The problem: Write the entries out again exactly; any picture among them gets left out.

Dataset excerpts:
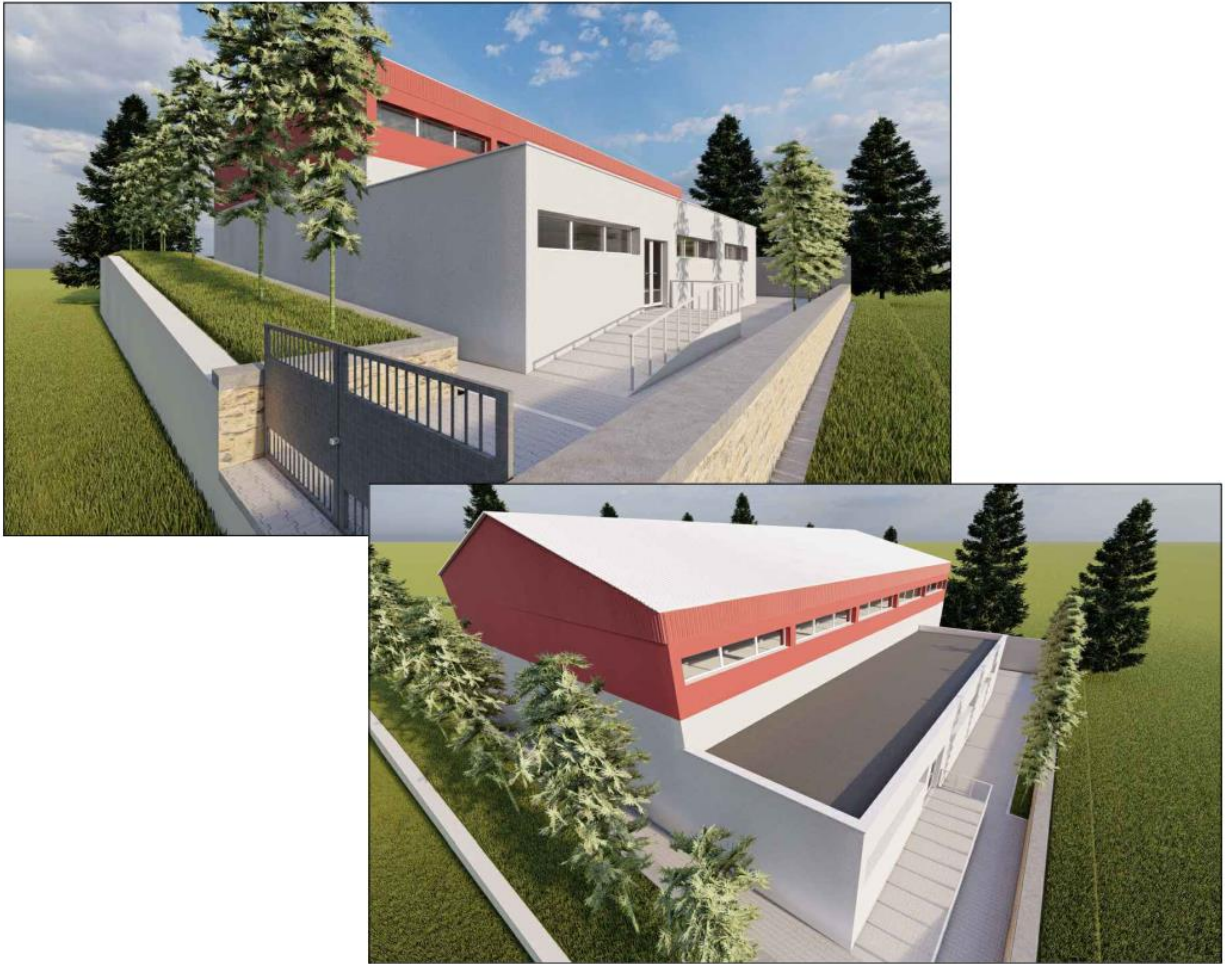
Fig.4. Pamje te objektit

Ne pjesen e jshtme jane zevendesuar panelet sanduic perimetral, eshte bere rilyerja e mureve. Gjithashtu eshte realizuar nje mur rrethues guri per palestren.
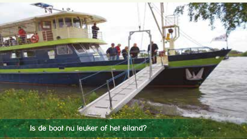
Is de boot nu leuker of het eiland?
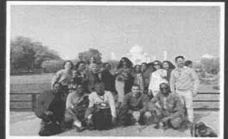
(Học viên ITEC Việt Nam chụp ảnh trước lăng mộ Taj Mahal nổi tiếng)

Scan QR code to access the Embassy's Facebook Quét mã QR để truy cập trang Facebook Đại sứ quán
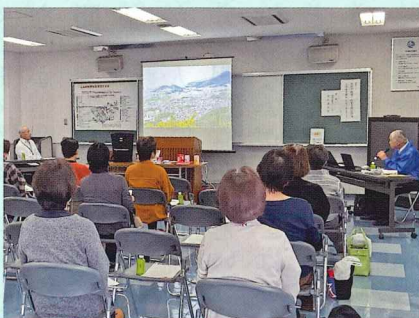
いざという時、慌てないように
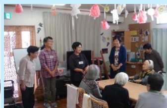
城南ボランティア様
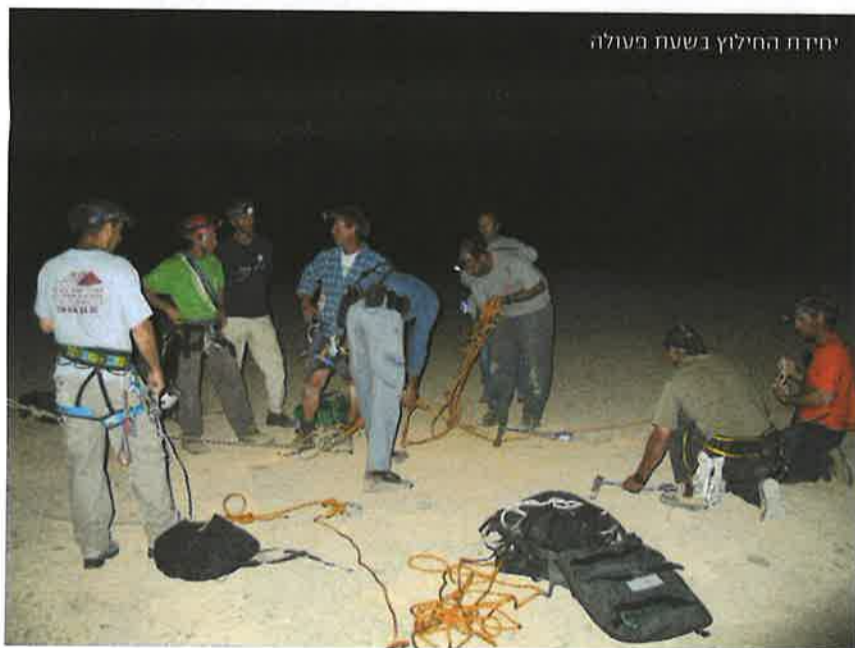
יחידת החילוץ בשנת פעולה

היחידה גם פועלת במסגרת תפקידה באמצעים המשוכללים והאיכותיים ביותר הקיימים כיום. כך למשל את מקומם של הביפרים בהם השתמשו חברה בעבר תפסו לא מכבר הודעות ה-SMS המועברות במקרי חירום למכשירים הסלולאריים של כל חברי היחידה. כשמגיעה הודעה כזו יוצאים כל חברי היחידה למקום האירוע, ועל פי הצורך וגודל האירוע מוחלט האם

Solution to the exercise:
Fig.4. Pamje te objektit

Ne pjesen e jshtme jane zevendesuar panelet sanduic perimetral, eshte bere rilyerja e mureve. Gjithashtu eshte realizuar nje mur rrethues guri per palestren.
Is de boot nu leuker of het eiland?
(Học viên ITEC Việt Nam chụp ảnh trước lăng mộ Taj Mahal nổi tiếng)

Scan QR code to access the Embassy's Facebook Quét mã QR để truy cập trang Facebook Đại sứ quán
いざという時、慌てないように
城南ボランティア様
יחידת החילוץ בשנת פעולה

היחידה גם פועלת במסגרת תפקידה באמצעים המשוכללים והאיכותיים ביותר הקיימים כיום. כך למשל את מקומם של הביפרים בהם השתמשו חברה בעבר תפסו לא מכבר הודעות ה-SMS המועברות במקרי חירום למכשירים הסלולאריים של כל חברי היחידה. כשמגיעה הודעה כזו יוצאים כל חברי היחידה למקום האירוע, ועל פי הצורך וגודל האירוע מוחלט האם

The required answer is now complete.